Biden raises $23 million in 4th quarter, his top result to date

Joe Biden’s campaign announced Thursday that he posted his best fundraising quarter — $22.7 million — since entering the presidential race in April.

Biden’s cash haul for the final quarter of 2019 is a marked improvement from a disappointing third quarter report that showed he spent more than he raised amid anemic fundraising for a frontrunner. Still, he’s well below the massive $34.5 million raised by Democratic rival Sen. Bernie Sanders or the $46 million announced by President Donald Trump. Fellow Democrat Pete Buttigieg ($24.7 million) also raised more.

Biden’s campaign manager, Greg Schultz, attributed some of Biden’s success to Trump’s failed attempt to pressure Ukraine into opening an investigation into the former vice president — a move that led to Trump’s impeachment and, Schultz said, a bump in fundraising.

“Trump’s attacks have majorly backfired, providing our campaign a fundraising boost and reminding Democratic primary voters what we have been saying all along — Trump does not want Biden to be the nominee because he knows Biden will flat out beat him in November,” Schultz wrote in a memo released after the fundraising totals were posted.

“During impeachment our average digital revenue per day more than doubled, up by 121%, where it was in the weeks preceding impeachment.”

Trump’s campaign manager, Brad Parscale, has also claimed that impeachment benefited his candidate.

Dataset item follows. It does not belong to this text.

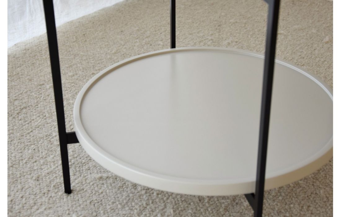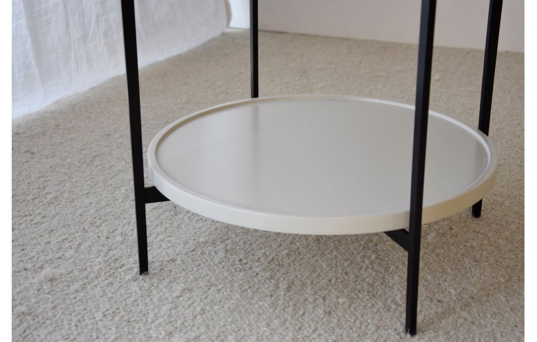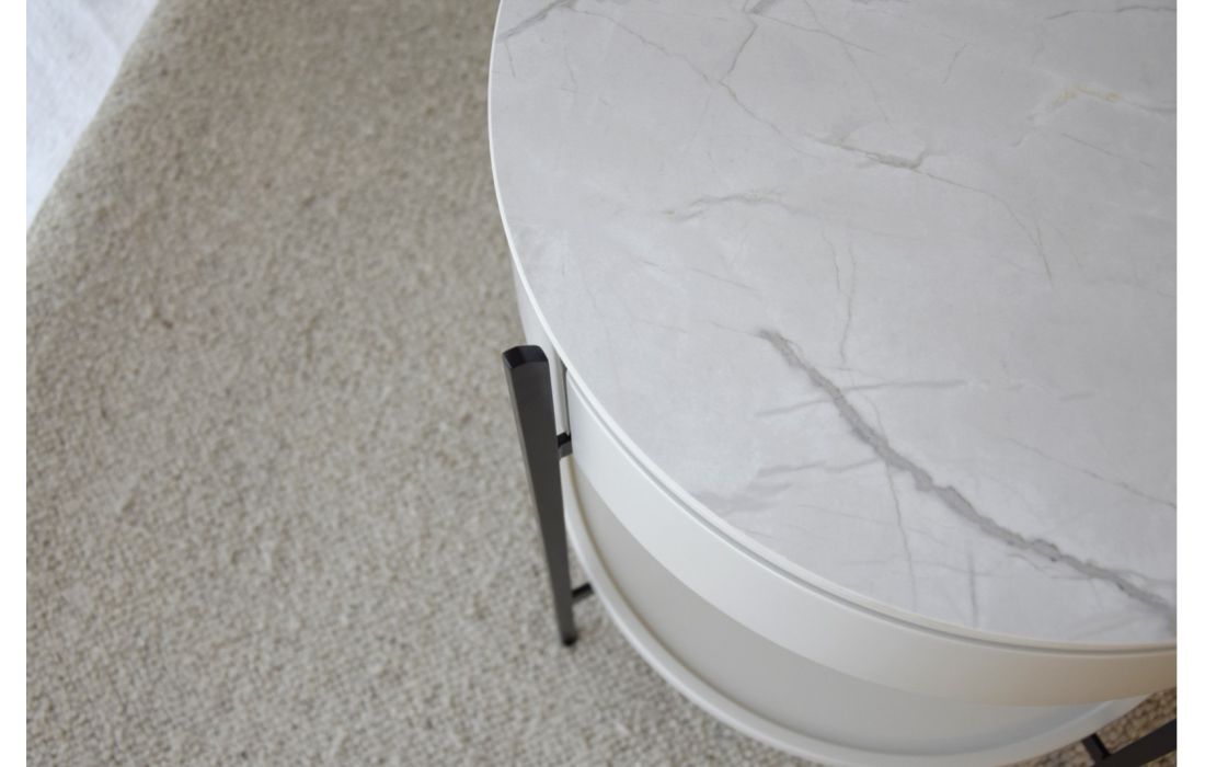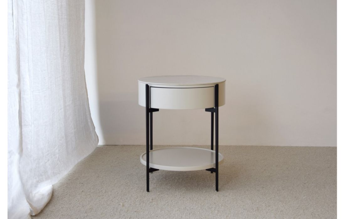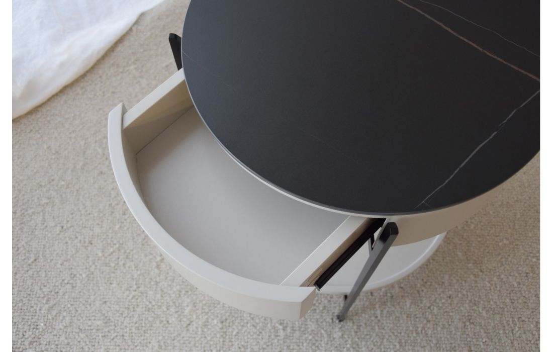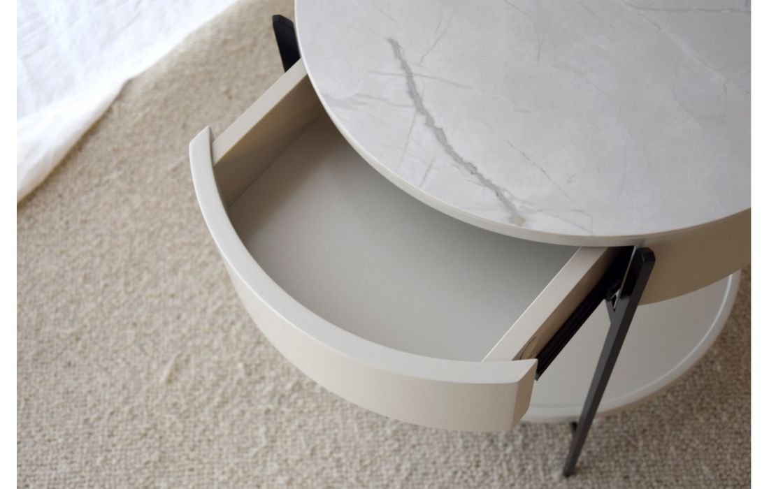 Side table with ceramic and stone top, lacquered at the bottom. Metal legs with 1 drawer.Recipient :

Though Biden isn’t tops in primary fundraising, his campaign managed expectations by pointing to his improvement since the previous quarter, his standing atop national polls and his recent uptick in surveys of Iowa, which holds its caucuses Feb. 3.

Biden raised more in the first two months of the fourth quarter than he did in the entire third quarter, which included a bump in online fundraising, a Biden senior adviser said recently. That included picking up donors from two candidates who had dropped out of the race — Kamala Harris and Beto O’Rourke — the adviser said.

According to Biden’s campaign, the former veep doubled his online fundraising from the last quarter and 57 percent of its donors this quarter gave for the first time.

“Our campaign’s momentum in recent weeks and months is impossible to miss,” Schultz wrote.

Though he’s well short of the numbers touted by Trump and Sanders, Biden’s latest figures could help allay the nervousness surrounding his candidacy after his fundraising lagged in the third quarter. Biden demonstrated he could stop the bleeding as his new online fundraising stats suggest he has room to grow, despite worries that he had maxed out from the kinds of donors who would support him.

Another factor in Biden’s favor: an independent super PAC is pouring money into early state ads and boosting his candidacy.

Biden’s fundraising announcement came just hours after he kicked off a five-day Iowa bus tour with an endorsement from home-state Rep. Abby Finkenauer, who wrested control of her seat from a Republican incumbent in 2018 with the help of Biden’s endorsement.

None of the campaigns has released detailed reports, due to the Federal Election Commission later this month, that show how much cash they raised, spent or have on hand.

Natasha Korecki contributed to this report.